Emory Genetics Laboratory, Department of Human Genetics, Emory University, 2165 N Decatur Road, Decatur, GA 30033, USA.
BMC Genet. 2013 Dec 5;14:116. doi: 10.1186/1471-2156-14-116.
Pathogenic mutations range from single nucleotide changes to deletions or duplications that encompass a single exon to several genes. The use of gene-centric high-density array comparative genomic hybridization (aCGH) has revolutionized the detection of intragenic copy number variations. We implemented an exon-centric design of high-resolution aCGH to detect single- and multi-exon deletions and duplications in a large set of genes using the OGT 60 K and 180 K arrays. Here we describe the molecular characterization and breakpoint mapping of deletions at the smaller end of the detectable range in several genes using aCGH.
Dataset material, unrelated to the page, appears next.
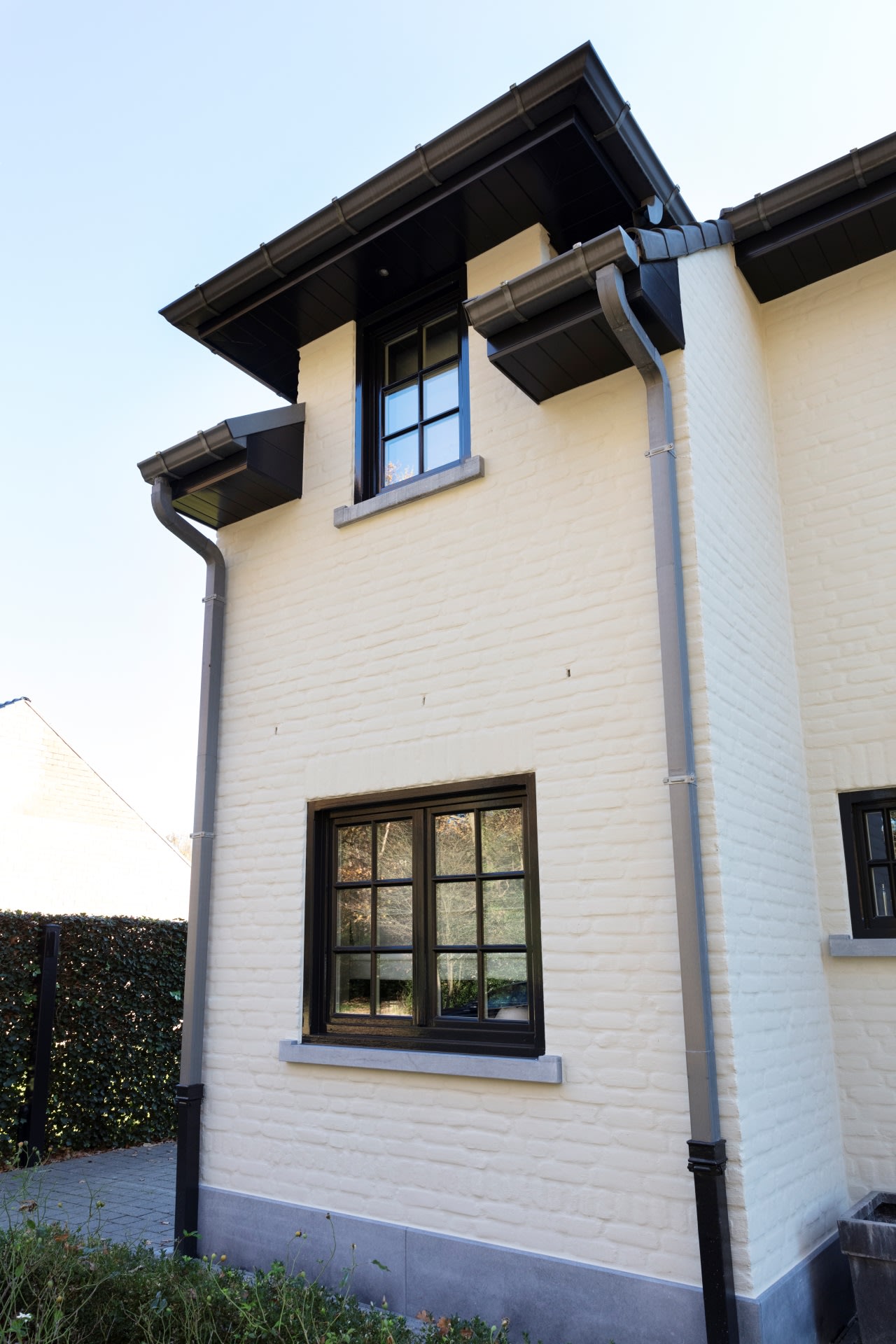 Binnen schilderen we ramen, deuren, deurlijsten of plinten al langer in dezelfde tint als de wanden. Dit brengt rust en oogt strak. In deze realisatie zie je dat je ook buiten perfect voor deze werkwijze kan kiezen. Het gevelvlak, de gecementeerde boord én de ramen kregen dezelfde stijlvolle, donkerdere kleur. Wist je trouwens dat er ook erg mooie matte lakken bestaan voor buitenschrijnwerk? Deze zorgen voor een hedendaagse en tijdloze look.

The method initially implemented to detect single to multiple exon deletions, was able to detect deletions much smaller than anticipated. The selected deletions we describe vary in size, ranging from over 2 kb to as small as 12 base pairs. The smallest of these deletions are only detectable after careful manual review during data analysis. Suspected deletions smaller than the detection size for which the method was optimized, were rigorously followed up and confirmed with PCR-based investigations to uncover the true detection size limit of intragenic deletions with this technology. False-positive deletion calls often demonstrated single nucleotide changes or an insertion causing lower hybridization of probes demonstrating the sensitivity of aCGH.
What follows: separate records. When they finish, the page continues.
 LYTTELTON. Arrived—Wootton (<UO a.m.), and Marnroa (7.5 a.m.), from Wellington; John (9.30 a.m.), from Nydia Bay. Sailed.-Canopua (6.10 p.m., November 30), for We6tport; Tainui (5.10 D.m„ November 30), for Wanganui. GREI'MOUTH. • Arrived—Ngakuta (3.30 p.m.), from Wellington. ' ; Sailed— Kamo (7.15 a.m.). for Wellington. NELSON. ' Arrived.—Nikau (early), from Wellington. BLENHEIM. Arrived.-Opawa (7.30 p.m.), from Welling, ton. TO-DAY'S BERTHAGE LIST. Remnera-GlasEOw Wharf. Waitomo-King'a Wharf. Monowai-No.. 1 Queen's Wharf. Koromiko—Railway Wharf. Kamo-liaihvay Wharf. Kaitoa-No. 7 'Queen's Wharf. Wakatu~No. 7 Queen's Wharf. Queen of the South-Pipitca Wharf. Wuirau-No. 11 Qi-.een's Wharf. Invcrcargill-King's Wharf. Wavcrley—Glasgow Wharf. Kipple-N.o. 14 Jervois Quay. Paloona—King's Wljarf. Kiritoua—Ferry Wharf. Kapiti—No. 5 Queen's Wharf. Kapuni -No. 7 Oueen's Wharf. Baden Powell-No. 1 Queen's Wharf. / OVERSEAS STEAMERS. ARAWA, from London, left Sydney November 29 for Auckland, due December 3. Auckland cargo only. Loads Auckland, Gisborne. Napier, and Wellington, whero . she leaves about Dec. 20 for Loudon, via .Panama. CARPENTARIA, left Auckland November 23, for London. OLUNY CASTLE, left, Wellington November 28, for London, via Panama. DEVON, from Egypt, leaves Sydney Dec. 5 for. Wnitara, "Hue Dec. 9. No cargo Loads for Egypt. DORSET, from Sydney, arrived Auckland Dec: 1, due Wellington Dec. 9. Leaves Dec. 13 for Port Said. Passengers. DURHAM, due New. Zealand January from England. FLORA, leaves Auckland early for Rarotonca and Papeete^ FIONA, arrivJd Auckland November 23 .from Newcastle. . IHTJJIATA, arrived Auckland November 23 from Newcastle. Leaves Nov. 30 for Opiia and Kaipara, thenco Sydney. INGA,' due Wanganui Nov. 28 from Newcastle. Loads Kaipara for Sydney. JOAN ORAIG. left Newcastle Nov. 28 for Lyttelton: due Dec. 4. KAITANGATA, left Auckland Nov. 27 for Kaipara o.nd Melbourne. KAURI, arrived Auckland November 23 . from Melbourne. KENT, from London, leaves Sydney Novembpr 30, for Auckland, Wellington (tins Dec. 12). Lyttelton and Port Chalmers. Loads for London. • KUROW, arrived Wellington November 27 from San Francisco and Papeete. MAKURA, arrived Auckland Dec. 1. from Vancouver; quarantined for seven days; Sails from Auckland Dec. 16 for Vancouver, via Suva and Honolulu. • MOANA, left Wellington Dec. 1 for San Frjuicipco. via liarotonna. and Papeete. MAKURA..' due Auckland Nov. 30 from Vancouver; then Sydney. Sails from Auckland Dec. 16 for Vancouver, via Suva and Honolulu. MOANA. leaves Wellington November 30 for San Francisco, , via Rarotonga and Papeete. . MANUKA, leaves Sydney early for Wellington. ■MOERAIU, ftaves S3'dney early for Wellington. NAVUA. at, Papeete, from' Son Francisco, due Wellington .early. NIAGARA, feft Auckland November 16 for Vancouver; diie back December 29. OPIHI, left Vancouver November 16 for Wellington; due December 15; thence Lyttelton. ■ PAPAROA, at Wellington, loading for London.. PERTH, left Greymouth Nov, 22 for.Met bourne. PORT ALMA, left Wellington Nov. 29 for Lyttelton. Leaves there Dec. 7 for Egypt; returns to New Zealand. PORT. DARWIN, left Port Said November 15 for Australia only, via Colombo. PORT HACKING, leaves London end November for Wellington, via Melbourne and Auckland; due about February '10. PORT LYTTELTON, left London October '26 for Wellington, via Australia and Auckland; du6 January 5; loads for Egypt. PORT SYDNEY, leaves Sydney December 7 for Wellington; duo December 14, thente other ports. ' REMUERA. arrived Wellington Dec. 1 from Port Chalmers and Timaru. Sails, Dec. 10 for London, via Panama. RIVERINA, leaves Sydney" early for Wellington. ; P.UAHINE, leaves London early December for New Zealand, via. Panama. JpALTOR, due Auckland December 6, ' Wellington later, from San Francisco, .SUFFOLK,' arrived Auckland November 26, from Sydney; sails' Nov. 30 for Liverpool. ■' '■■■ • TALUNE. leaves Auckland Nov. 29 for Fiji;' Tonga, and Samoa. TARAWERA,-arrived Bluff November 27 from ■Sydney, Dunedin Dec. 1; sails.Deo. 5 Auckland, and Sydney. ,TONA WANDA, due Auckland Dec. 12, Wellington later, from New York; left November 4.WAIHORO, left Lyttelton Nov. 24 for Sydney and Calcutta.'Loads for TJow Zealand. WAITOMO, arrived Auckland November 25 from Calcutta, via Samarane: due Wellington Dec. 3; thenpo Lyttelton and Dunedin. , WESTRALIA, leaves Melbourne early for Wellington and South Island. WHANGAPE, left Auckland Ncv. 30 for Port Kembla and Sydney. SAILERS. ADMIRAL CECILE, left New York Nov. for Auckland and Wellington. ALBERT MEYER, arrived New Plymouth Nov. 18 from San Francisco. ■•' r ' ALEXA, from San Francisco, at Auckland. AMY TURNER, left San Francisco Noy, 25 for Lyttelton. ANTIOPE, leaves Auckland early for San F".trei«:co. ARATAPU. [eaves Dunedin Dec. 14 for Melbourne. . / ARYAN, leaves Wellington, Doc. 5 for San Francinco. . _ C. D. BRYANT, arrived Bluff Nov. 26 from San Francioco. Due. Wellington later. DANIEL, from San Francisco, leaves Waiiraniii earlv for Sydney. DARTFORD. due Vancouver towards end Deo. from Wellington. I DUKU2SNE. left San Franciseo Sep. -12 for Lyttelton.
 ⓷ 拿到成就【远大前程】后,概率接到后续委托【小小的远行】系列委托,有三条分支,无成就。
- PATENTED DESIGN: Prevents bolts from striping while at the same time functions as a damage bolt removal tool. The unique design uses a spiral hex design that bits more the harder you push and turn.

With optimizing aCGH design and careful review process, aCGH can uncover intragenic deletions as small as dozen bases. These data provide insight that will help optimize probe coverage in array design and illustrate the true assay sensitivity. Mapping of the breakpoints confirms smaller deletions and contributes to the understanding of the mechanism behind these events. Our knowledge of the mutation spectra of several genes can be expected to change as previously unrecognized intragenic deletions are uncovered.
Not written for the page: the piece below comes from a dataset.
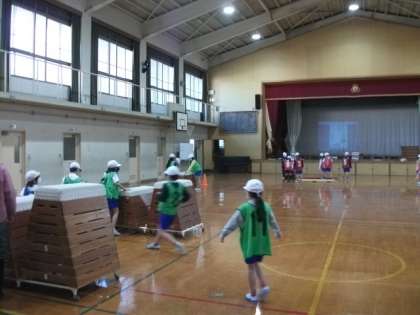 2年生は,跳び箱運動の,準備をしています。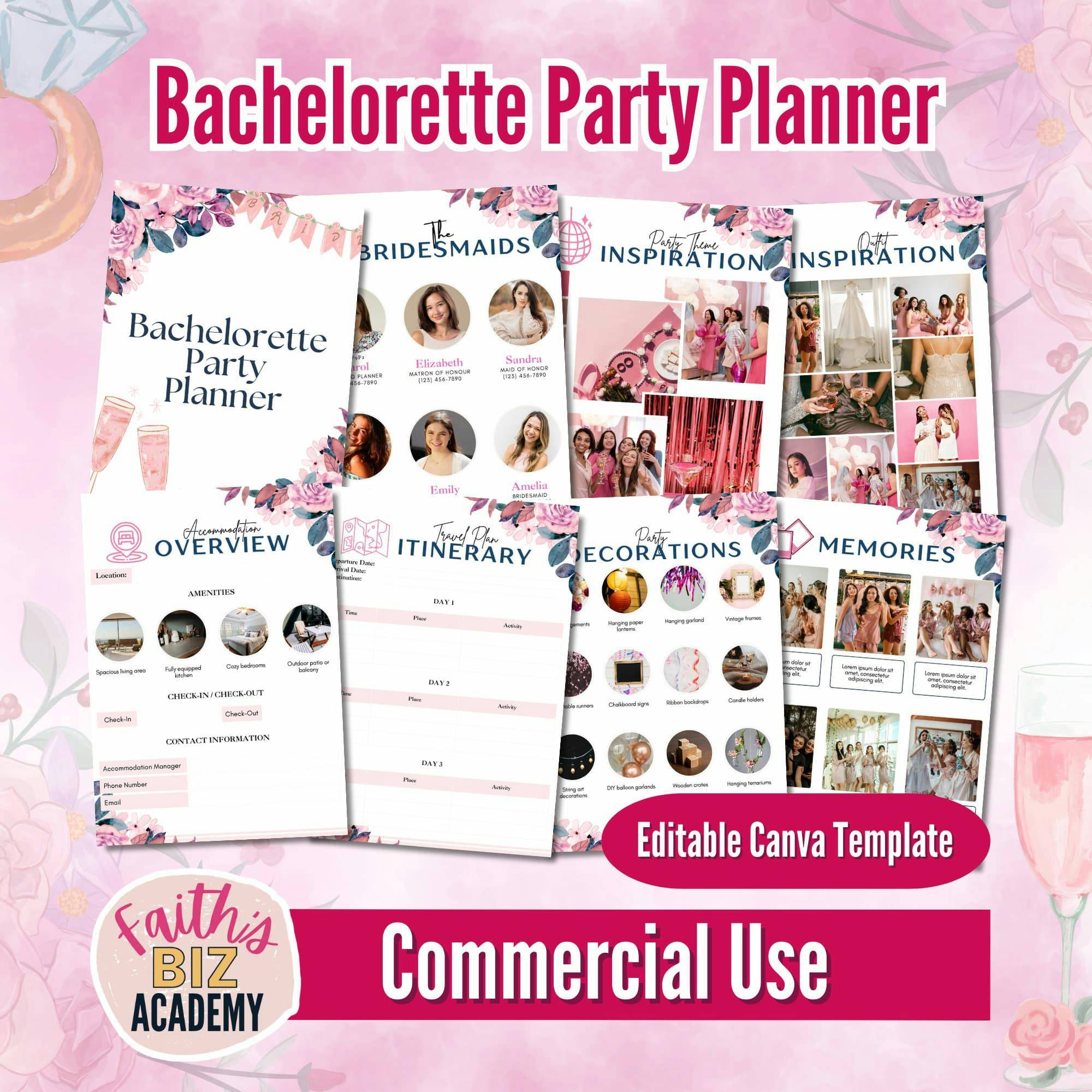 Make the bride-to-beβs last fling before the ring unforgettable with our comprehensive 22-page Bachelorette Party Planner Canva templates. This will be a great evergreen product to add to your store, and a party planner thatβs fun and magical for its users!

致病突变范围从单个核苷酸变化到包含单个外显子到几个基因的缺失或重复。基因中心高密度阵列比较基因组杂交(aCGH)的使用彻底改变了基因内拷贝数变异的检测。我们使用 OGT 60K 和 180K 阵列,实施了高分辨率 aCGH 的外显子中心设计,以检测一大组基因中的单外显子和多外显子缺失和重复。在这里,我们描述了使用 aCGH 对几个基因中可检测范围较小端的缺失进行分子特征描述和断点作图。
最初实施的用于检测单至多个外显子缺失的方法能够检测到比预期小得多的缺失。我们描述的选定缺失在大小上有所不同,范围从超过 2kb 到小至 12 个碱基。其中最小的缺失只有在数据分析过程中仔细手动审查后才能检测到。对于优化方法无法检测到的小于预期检测大小的可疑缺失,我们进行了严格的跟踪,并通过基于 PCR 的调查进行了确认,以揭示该技术中基因内缺失的真实检测大小限制。假阳性缺失调用通常表现为单个核苷酸变化或插入,导致探针杂交降低,这证明了 aCGH 的敏感性。
通过优化 aCGH 设计和仔细审查过程,aCGH 可以揭示小至十几个碱基的基因内缺失。这些数据提供了有助于优化阵列设计中探针覆盖的见解,并说明了真实的检测灵敏度。断点作图证实了较小的缺失,并有助于理解这些事件背后的机制。随着先前未被识别的基因内缺失被发现,我们对几个基因的突变谱的了解预计会发生变化。